U.S. Special Forces in Iraq

Special Forces Command (Airborne)

Thu February 13, 2003 01:28 AM ET

WASHINGTON (Reuters) - U.S. Special Operations forces are operating inside Iraq, laying the foundation for an invasion if President Bush gives the order to go to war, The Washington Post reported on Thursday.

Two Special Operations Task Forces, with an undetermined number of personnel, have been in and out of various parts of Iraq for well over a month, the newspaper reported, citing two military officials with direct knowledge of their activities.

The officials told the newspaper that the special operations units were laying the groundwork for conventional forces to quickly seize large portions of Iraqi territory in a possible war.

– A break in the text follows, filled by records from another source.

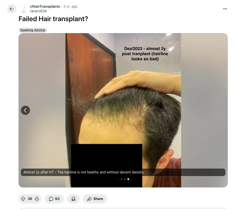 ❌ Achter hun getransplanteerde haar? Kaal.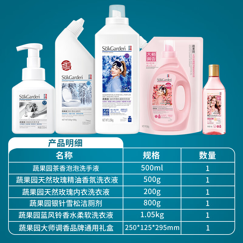 蔬果园/SUKGARDEN 3.05kg多用途清洁剂 玫瑰系列家庭清洁五件套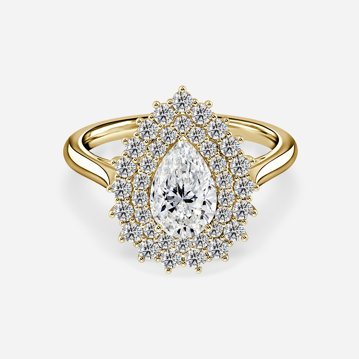 A double Halo Engagement ring features a dazzling center diamond encircled by two distinct halos of smaller diamonds, creating a breathtaking display of brilliance and elegance. Handcrafted in Hatton Gardens, London. Centre Diamond Not Included Setting Only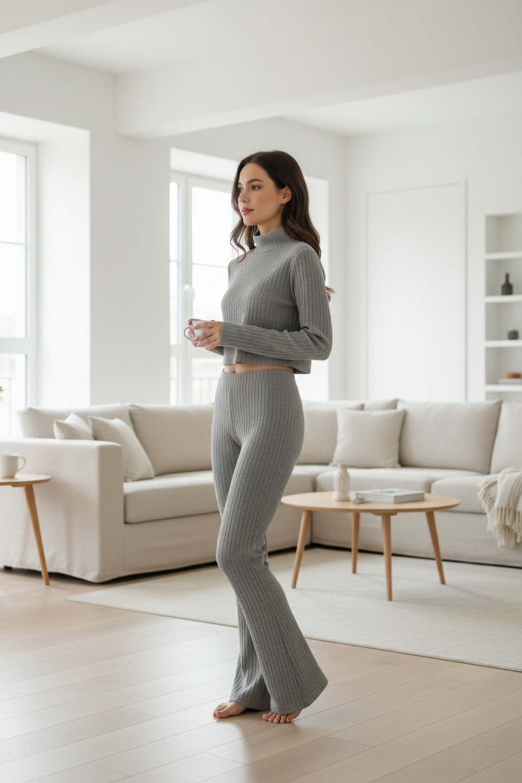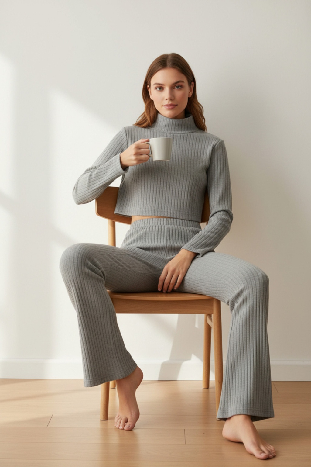 Kadın Fitilli Eşofman Takımı – Gri Boğazlı Crop Üst & İspanyol Paça Pantolon, Esnek Rahat Kalıp

According to the report, some of the special forces were establishing communications with opposition groups and setting up airstrips. Officials told the paper that others were focused on preventing Iraq from launching missiles or drone aircraft against Israel. Those troops are believed to move in and out of Iraq from neighboring countries, the newspaper said.

A spokesman for the U.S. military's Central Command, which oversees operations in the Middle East and Gulf, was not immediately available for comment.

The Central Command chief, Gen. Tommy Franks, was scheduled to meet President Bush at the White House on Thursday for a review of his war plans, The Post reported.

The newspaper said Franks was expected to depart soon afterward to Qatar, where the U.S. military's Central Command has established its regional headquarters for any attack on Iraq.